KindFilter restricts results to asteroids or comets. The zero value includes both kinds.

const (
	// KindAny does not filter by kind.
	KindAny KindFilter = iota
	// KindAsteroid returns asteroid records only.
	KindAsteroid
	// KindComet returns comet records only.
	KindComet
)

func (KindFilter) String

func (k KindFilter) String() string

type NonGrav

type NonGrav struct {
	A1      *float64 `json:"A1,omitempty"`       // Nongravitational parameter A1 (au/d^2)
	A2      *float64 `json:"A2,omitempty"`       // Nongravitational parameter A2 (au/d^2)
	A3      *float64 `json:"A3,omitempty"`       // Nongravitational parameter A3 (au/d^2)
	DT      *float64 `json:"DT,omitempty"`       // Nongravitational time parameter (days)
	S0      *float64 `json:"S0,omitempty"`       // Nongravitational scaling factor
	A1Sigma *float64 `json:"A1_sigma,omitempty"` // Uncertainty of A1 (au/d^2)
	A2Sigma *float64 `json:"A2_sigma,omitempty"` // Uncertainty of A2 (au/d^2)
	A3Sigma *float64 `json:"A3_sigma,omitempty"` // Uncertainty of A3 (au/d^2)
	DTSigma *float64 `json:"DT_sigma,omitempty"` // Uncertainty of DT (days)
	S0Sigma *float64 `json:"S0_sigma,omitempty"` // Uncertainty of S0
}

NonGrav holds the non-gravitational parameters.

type NumStatusFilter

type NumStatusFilter uint

NumStatusFilter limits results by numbered status.
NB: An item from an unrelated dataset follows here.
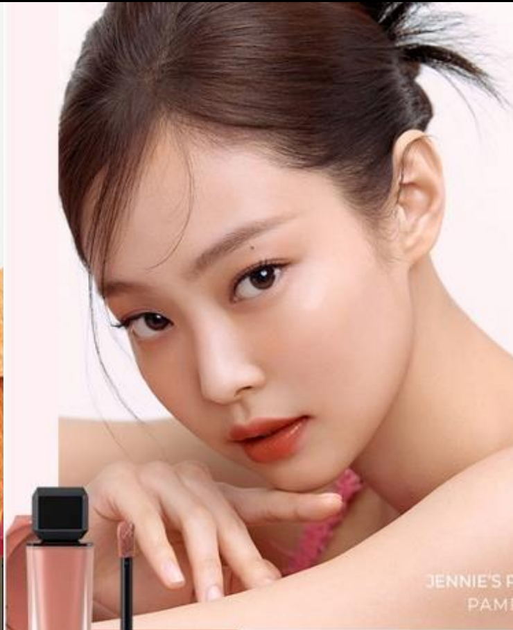
JENNIE'S PICK BANPAS

See the SBDB Query API documentation for details on each status code.

const (
	// NumStatusAny returns all records regardless of numbering.
	NumStatusAny NumStatusFilter = iota
	// NumStatusNumbered restricts results to numbered bodies.
	NumStatusNumbered
	// NumStatusUnnumbered restricts results to provisional designations.
	NumStatusUnnumbered
)

func (NumStatusFilter) String

func (n NumStatusFilter) String() string

type Or

type Or []Expr

Or groups expressions where at least one must evaluate to true.

func (Or) MarshalJSON

func (o Or) MarshalJSON() ([]byte, error)

type Orbit

type Orbit struct {
	OrbitID          *string  `json:"orbit_id,omitempty"`  // Orbit solution identifier
	Epoch            *float64 `json:"epoch,omitempty"`     // Epoch of osculation (JD)
	EpochMJD         *float64 `json:"epoch_mjd,omitempty"` // Epoch of osculation (MJD)
	EpochCal         *string  `json:"epoch_cal,omitempty"` // Epoch of osculation (calendar)
	Equinox          *string  `json:"equinox,omitempty"`   // Reference equinox
	Eccentricity     *float64 `json:"e,omitempty"`         // Orbital eccentricity
	SemimajorAxis    *float64 `json:"a,omitempty"`         // Semi-major axis (au)
	PerihelionDist   *float64 `json:"q,omitempty"`         // Perihelion distance (au)
	Inclination      *float64 `json:"i,omitempty"`         // Inclination (deg)
	AscNode          *float64 `json:"om,omitempty"`        // Longitude of ascending node (deg)
	PeriapsisArg     *float64 `json:"w,omitempty"`         // Argument of periapsis (deg)
	MeanAnomaly      *float64 `json:"ma,omitempty"`        // Mean anomaly at epoch (deg)
	PeriapsisTime    *float64 `json:"tp,omitempty"`        // Time of periapsis (JD)
	PeriapsisTimeCal *string  `json:"tp_cal,omitempty"`    // Time of periapsis (calendar)
	OrbitalPeriod    *float64 `json:"per,omitempty"`       // Orbital period (days)
	OrbitalPeriodYr  *float64 `json:"per_y,omitempty"`     // Orbital period (years)
	MeanMotion       *float64 `json:"n,omitempty"`         // Mean motion (deg/day)
	AphelionDist     *float64 `json:"ad,omitempty"`        // Aphelion distance (au)
}

Orbit holds the osculating orbital elements.

type Payload

type Payload struct {
	Signature struct {
		Version string `json:"version"`
		Source  string `json:"source"`
	} `json:"signature"`
	Fields []string `json:"fields"`
	Data   [][]any  `json:"data"`
	Count  int      `json:"count"`
}

Payload is a raw SBDB response containing records and metadata.

func Decode

func Decode(r io.Reader) (*Payload, error)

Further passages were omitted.